Profits distributed to partners or shareholders
Schematically, when a company performs profits, shareholders or partners decide, often during the ordinary annual general meeting, either:
- To reinvest the benefit made in the company by putting it in reserve.
- To distribute it to partners in the form of dividends.
What types of businesses can pour dividends?
Several types of companies are affected by the payment of dividends. For example :
Real costs: calculation and tax deduction
What is the dividend calculation formula?
The amount of dividends is proportional to the number of securities held
The amount of dividends collected by a partner is proportional to the number of securities he holds in the company in relation to the total number of securities making up the capital of the company.
Example of calculation for a capital of 10,000 euros
For example, a company has a capital of 10,000 euros divided into 10,000 shares. She achieves a profit of 100,000 euros. The partners decide to pay dividends up to 50,000 euros. The company is owned by a father up to 50 % (he has 5,000 shares) and his son who has the remaining 50 %. The dividend perceived by each of them is 50,000 euros x 50 % or 25,000 euros.
What are the dividend tax diets?
The taxation of dividends varies depending on whether the company is subject to income tax (IR) or corporate tax (IS).
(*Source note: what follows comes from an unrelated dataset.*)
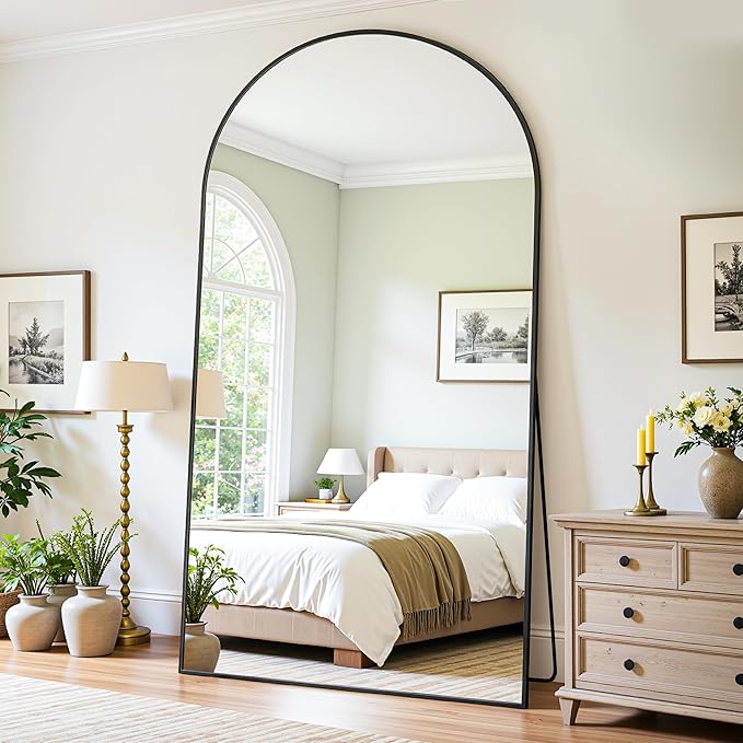 - Premium Material and Unique Design: This stand up mirror full length features a sturdy and durable aluminum alloy thin frame, Its sleek curved shape design makes it ideal for any modern or traditional decorative style, effortlessly enhancing the ambiance of any room

Company relating to income tax
In a company relating to income tax, it is the partners who are personally imposed on the share of profits corresponding to their participation in capital. The dividends are not taxed separately: they are integrated directly into the overall benefit, distributed among the partners according to their shares.
Company corporate tax
On the other hand, for a company subject to corporate tax, taxation takes place in two stages. First, the benefits – from which dividends come – are taxed at the level of society. Then, the partners are imposed on income tax in proportion to their shares.
How to pay less taxes?
How is the dividends touching partner imposed?
Non -liberating lump sum sample
The dividends are imposed in the hands of the partners who perceive them. A non -liberating fixed levy (PFNL) of 12.8 % is applied to the amount of dividends to be paid. This sum is removed as a income tax deposit before the dividend to the partner.
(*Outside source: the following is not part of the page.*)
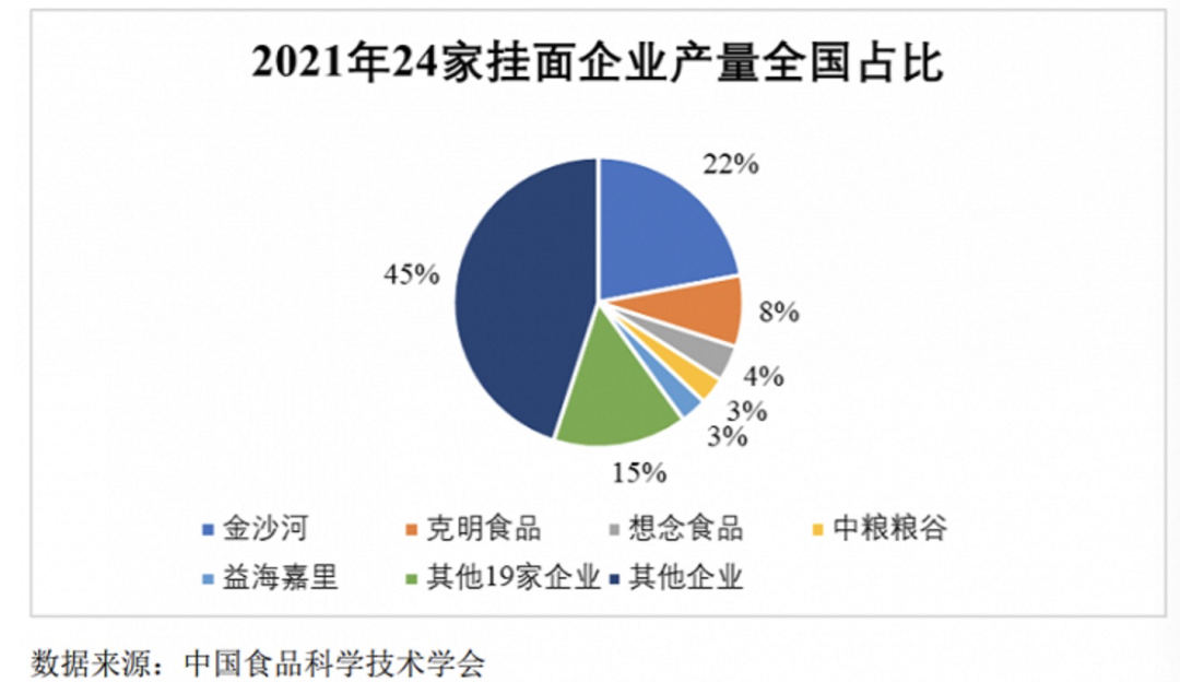 在掛面領(lǐng)域中,根據(jù)招股書引援的數(shù)據(jù),在國內(nèi)24家掛面企業(yè)中,金沙河排名第一位,市占率達到22%,想念食品排名第三,僅占比4%。換言之金沙河市場占有率是想念食品的5倍。

Conditions to be exempt from the lump sum
The partner may request a lump sum exemption, under conditions:
- His tax reference income for the penultimate year compared to the payment of the deposit must be less than 50,000 euros if he is single;
- Its tax reference income of the penultimate year compared to the payment of the deposit must be less than 75,000 euros if it is married or PACS.
The request must be made before November 30 of the year preceding that of payment of dividends.
The dividends beneficiary then has the choice between two tax modes.
Single lump sum (pfu) called “flat tax”
Either the dividends are subject to the single flat -rate levy (PFU), known as “flat tax”, at the overall rate of 30 % including income tax up to 12.8 % and social security contributions for 17.2 %. If the lump sum has been applied, it covers the PFU.
Progressive income tax scale
Or, as an option of the partner, dividends are subject to the progressive scale of income tax and benefit from a tax reduction of 40 %. They are also subject to social security contributions at the rate of 17.2 %.
In companies subject to corporate tax, unlike those subject to income tax, dividends are already taxed at the level of society as profits.
Employee savings: participation and profit -sharing
How to declare your dividends to taxes?
Dividends must be declared on the partner’s declaration of income. In the event of an option for the gradual income tax scale, this option should be formalized by checking box 2op of the CERFA form n ° 2042.
How not to pay dividend tax?
There is no particular device to be exempt from dividends tax paid by a company. On the other hand, the holding of shares through life insurance makes it possible not to pay tax on dividends collected as long as no funds are taken.